EfficientNet: Rethinking Model Scaling for Convolutional Neural Networks
Proceedings of the 36th International Conference on Machine Learning, PMLR 97:6105-6114, 2019.
Convolutional Neural Networks (ConvNets) are commonly developed at a fixed resource budget, and then scaled up for better accuracy if more resources are given. In this paper, we systematically study model scaling and identify that carefully balancing network depth, width, and resolution can lead to better performance. Based on this observation, we propose a new scaling method that uniformly scales all dimensions of depth/width/resolution using a simple yet highly effective compound coefficient.
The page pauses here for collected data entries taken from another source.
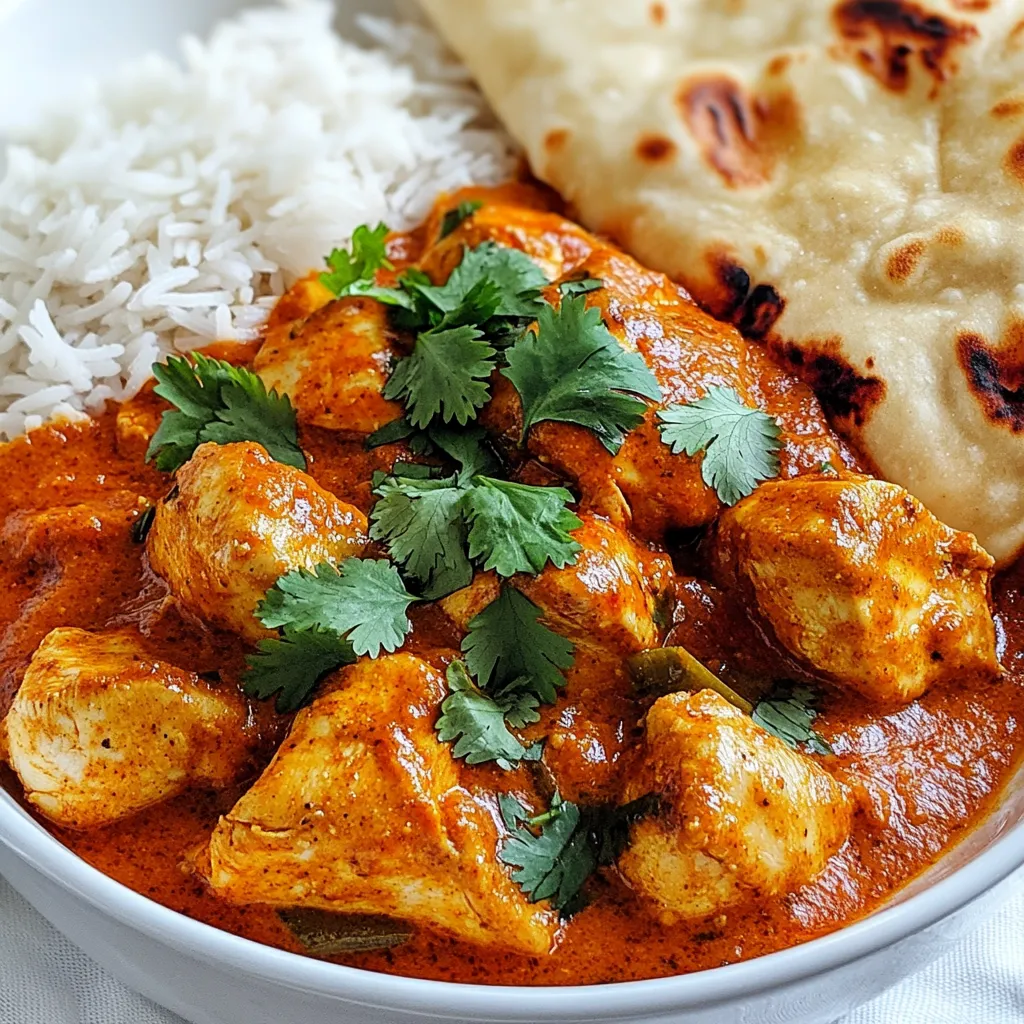Serve your chicken curry in a bowl. Garnish it with fresh cilantro for a burst of color. Pair it with warm naan or steamed basmati rice. These sides help balance the spice. You can also add a side of yogurt or raita to cool things down. Enjoy your meal with friends and family for a true taste of India!
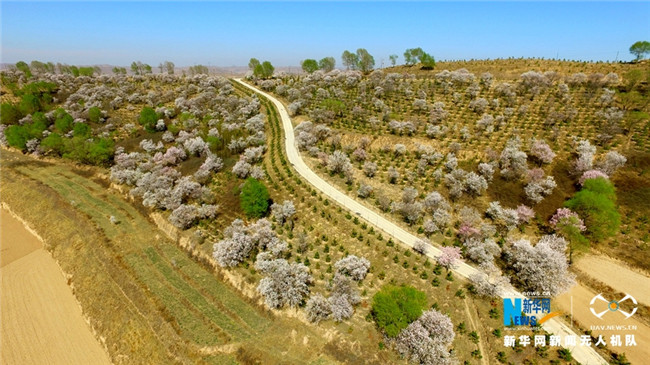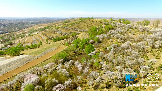 甘肅定西:黃土塬上別樣景 千樹杏花笑春風(fēng)
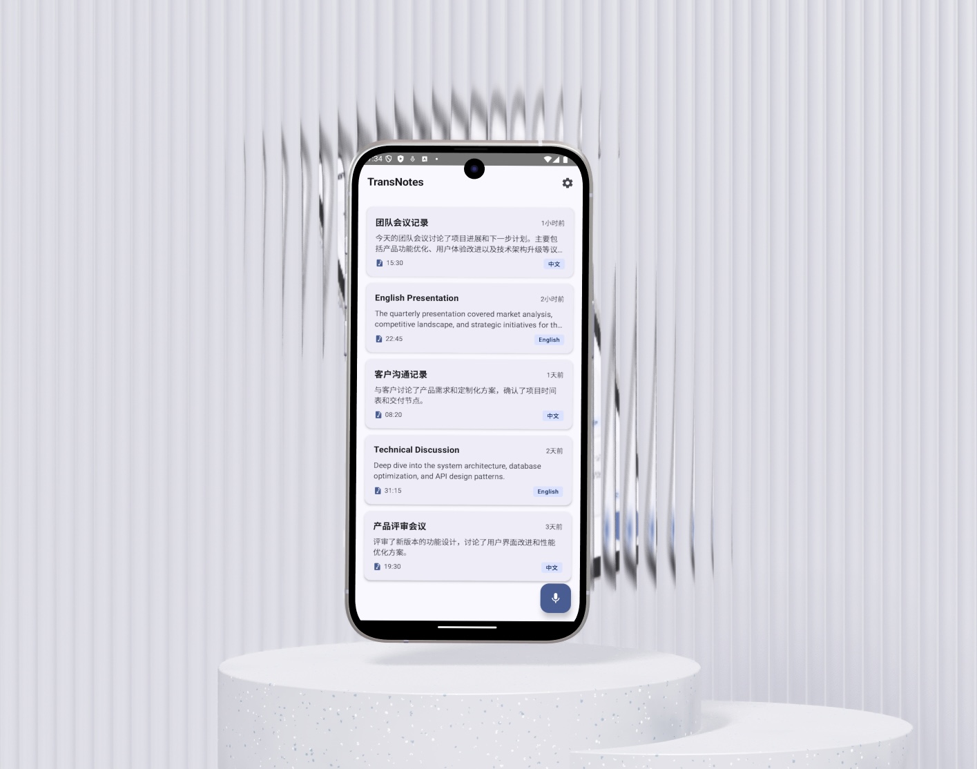 TransNotes is an AI-powered meeting app for Android that seamlessly monitors system audio, converting it into text in real-time and providing simultaneous translation. Designed for multilingual conferences, it ensures effortless communication and note-taking, empowering you to engage confidently across languages.
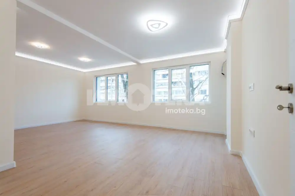 Апартаментът е след пълен основен ремонт „до ключ“ – изцяло сменени електрическа и ВиК инсталации, нови подови и стенни настилки във всички стаи, декоративно обработени стени, изкарани изводи за климатици във всяка стая, LED осветление и нови осветителни тела, нови конзоли (всяка стая има прокарани кабели за интернет и телевизия от таблото), ключове и контакти, нова висок клас дограма и качествени интериорни врати, както и входна врата.
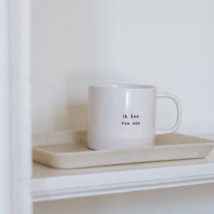 Geniet van je favoriete thee of koffie uit deze tas met de tekst Ik hou van ons. Deze unieke tas combineert een tijdloos zwart-wit design met een warme boodschap.

We demonstrate the effectiveness of this method on MobileNets and ResNet. To go even further, we use neural architecture search to design a new baseline network and scale it up to obtain a family of models, called EfficientNets, which achieve much better accuracy and efficiency than previous ConvNets. In particular, our EfficientNet-B7 achieves stateof-the-art 84.4% top-1 / 97.1% top-5 accuracy on ImageNet, while being 8.4x smaller and 6.1x faster on inference than the best existing ConvNet (Huang et al., 2018). Our EfficientNets also transfer well and achieve state-of-the-art accuracy on CIFAR-100 (91.7%), Flower (98.8%), and 3 other transfer learning datasets, with an order of magnitude fewer parameters.